=== Section Start ===

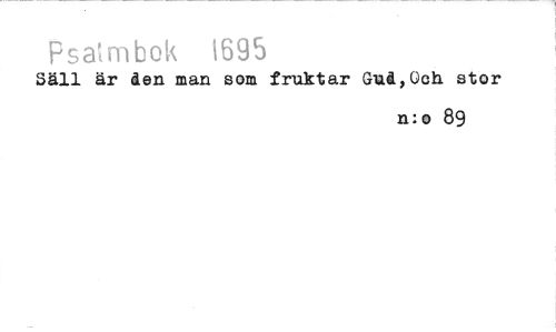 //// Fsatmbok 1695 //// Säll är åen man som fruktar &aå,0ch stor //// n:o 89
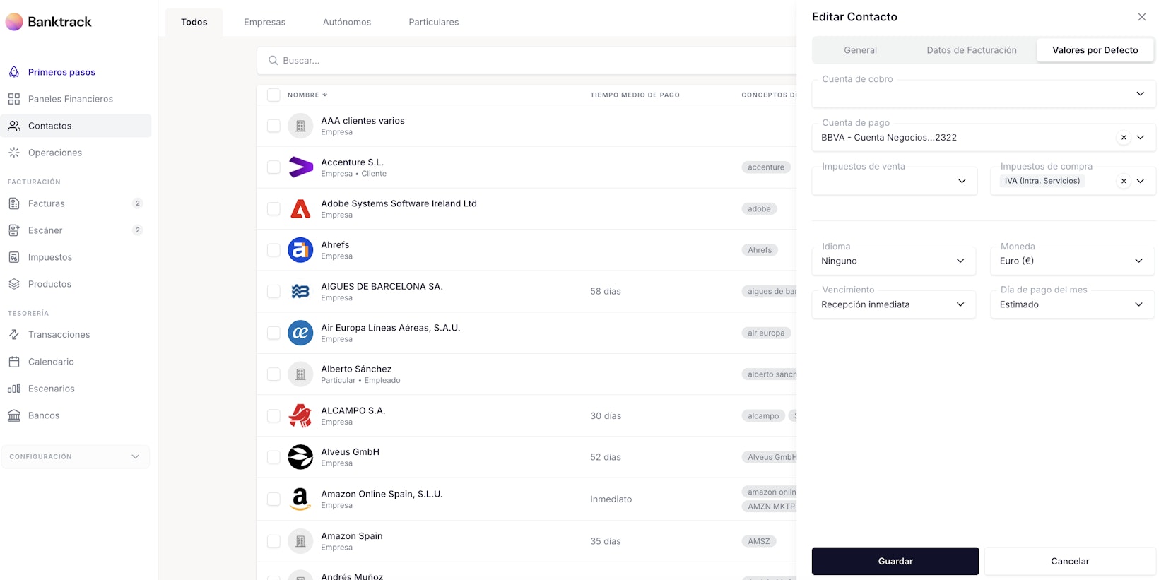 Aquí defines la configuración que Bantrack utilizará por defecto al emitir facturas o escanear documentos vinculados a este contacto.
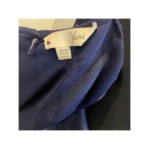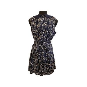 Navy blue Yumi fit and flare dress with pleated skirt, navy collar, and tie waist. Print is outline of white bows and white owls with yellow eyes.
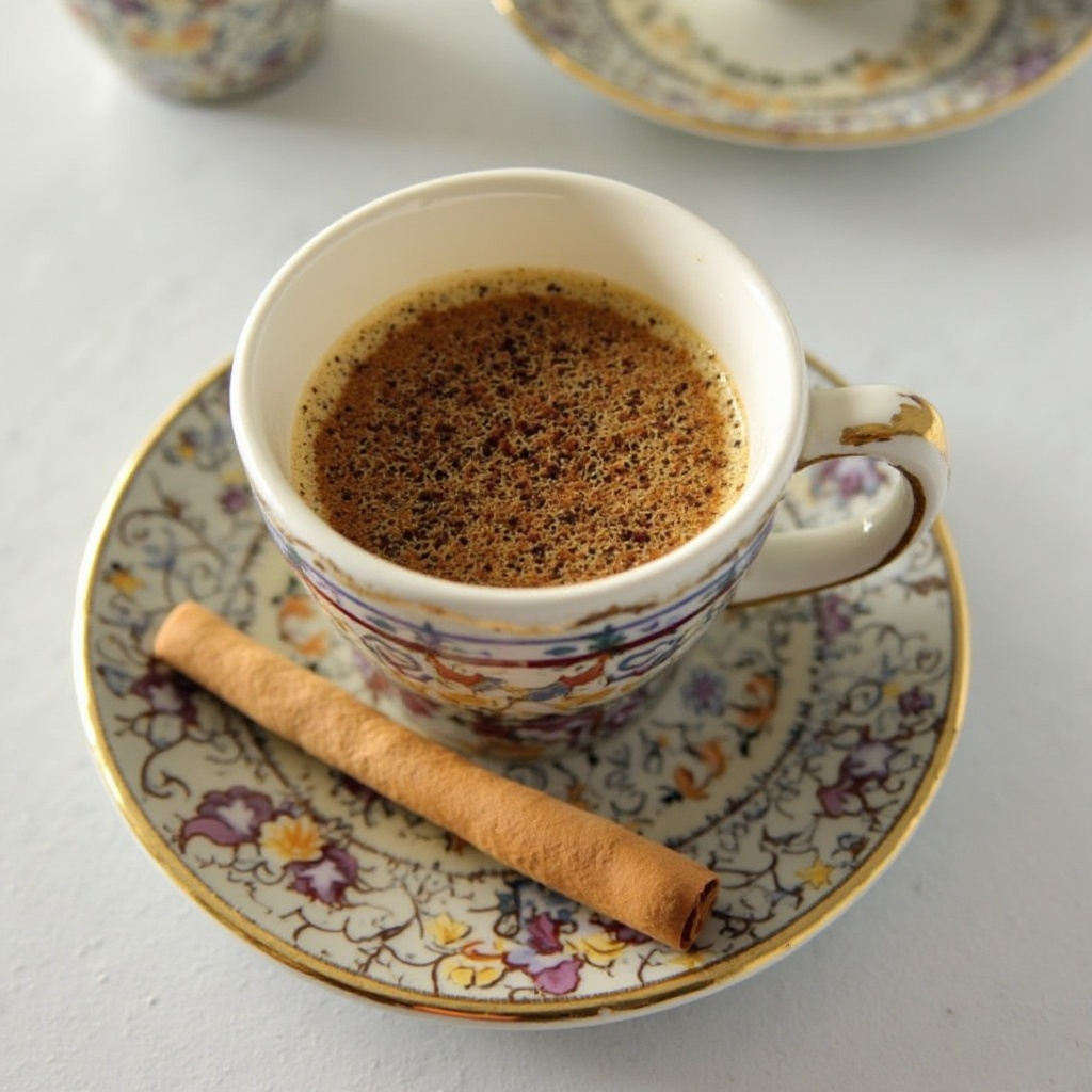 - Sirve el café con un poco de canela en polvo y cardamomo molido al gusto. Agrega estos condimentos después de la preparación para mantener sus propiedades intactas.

=== Section End ===
=== Section Start ===

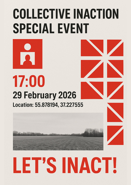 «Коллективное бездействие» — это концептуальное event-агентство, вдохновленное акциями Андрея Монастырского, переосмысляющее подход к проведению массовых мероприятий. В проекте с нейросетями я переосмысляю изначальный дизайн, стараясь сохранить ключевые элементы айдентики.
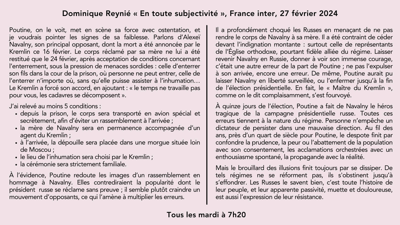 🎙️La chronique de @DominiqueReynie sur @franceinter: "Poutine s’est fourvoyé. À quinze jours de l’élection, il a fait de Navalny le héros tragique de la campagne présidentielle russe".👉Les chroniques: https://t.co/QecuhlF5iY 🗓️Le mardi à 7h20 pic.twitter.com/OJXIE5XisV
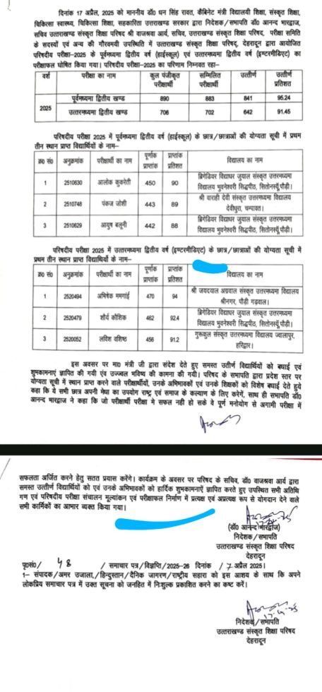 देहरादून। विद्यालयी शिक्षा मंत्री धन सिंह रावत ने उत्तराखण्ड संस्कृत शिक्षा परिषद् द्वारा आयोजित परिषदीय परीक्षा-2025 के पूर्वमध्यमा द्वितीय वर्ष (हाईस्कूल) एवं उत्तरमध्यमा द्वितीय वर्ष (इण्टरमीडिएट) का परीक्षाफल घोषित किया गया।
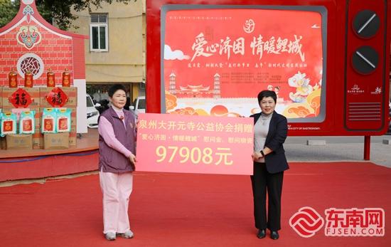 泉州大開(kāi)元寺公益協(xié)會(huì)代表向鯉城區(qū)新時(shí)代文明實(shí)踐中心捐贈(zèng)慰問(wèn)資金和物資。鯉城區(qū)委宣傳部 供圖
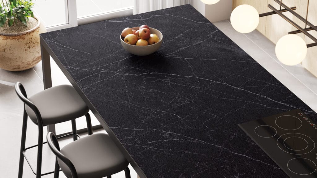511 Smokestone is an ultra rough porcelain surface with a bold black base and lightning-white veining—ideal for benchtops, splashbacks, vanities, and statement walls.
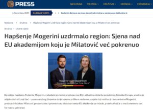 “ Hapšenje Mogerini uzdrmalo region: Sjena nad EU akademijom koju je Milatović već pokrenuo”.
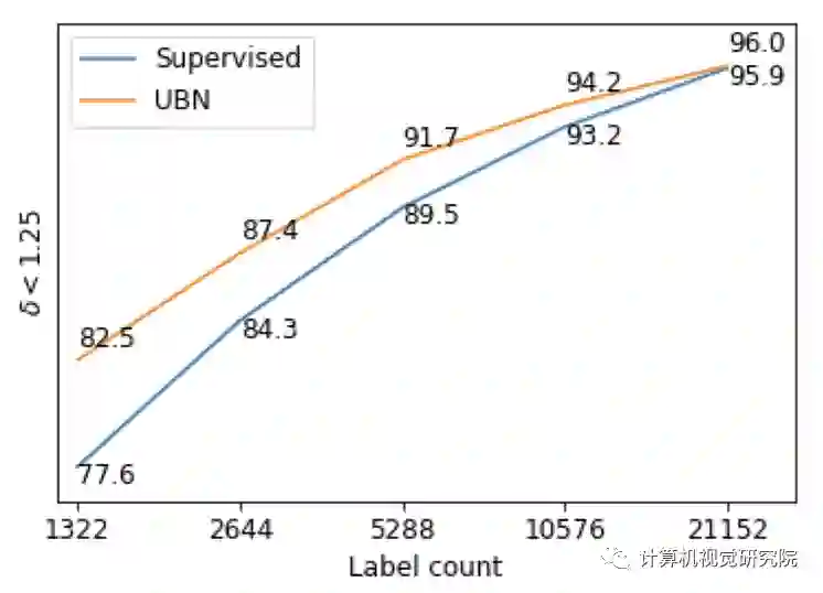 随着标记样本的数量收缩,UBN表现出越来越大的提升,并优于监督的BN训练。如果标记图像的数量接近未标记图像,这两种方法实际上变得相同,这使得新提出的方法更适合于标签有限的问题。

=== Section End ===

■ EXERCISE INSTRUCTIONS ■
Up in the listing, locate the line with "stor //// n:o 89"; print it and every line after it down to the line with "- Sirve el café", which is included too. Skip the pictures.

■ RESULT OF THIS EXERCISE ■
 //// Fsatmbok 1695 //// Säll är åen man som fruktar &aå,0ch stor //// n:o 89
 Aquí defines la configuración que Bantrack utilizará por defecto al emitir facturas o escanear documentos vinculados a este contacto.
 Navy blue Yumi fit and flare dress with pleated skirt, navy collar, and tie waist. Print is outline of white bows and white owls with yellow eyes.
 - Sirve el café con un poco de canela en polvo y cardamomo molido al gusto. Agrega estos condimentos después de la preparación para mantener sus propiedades intactas.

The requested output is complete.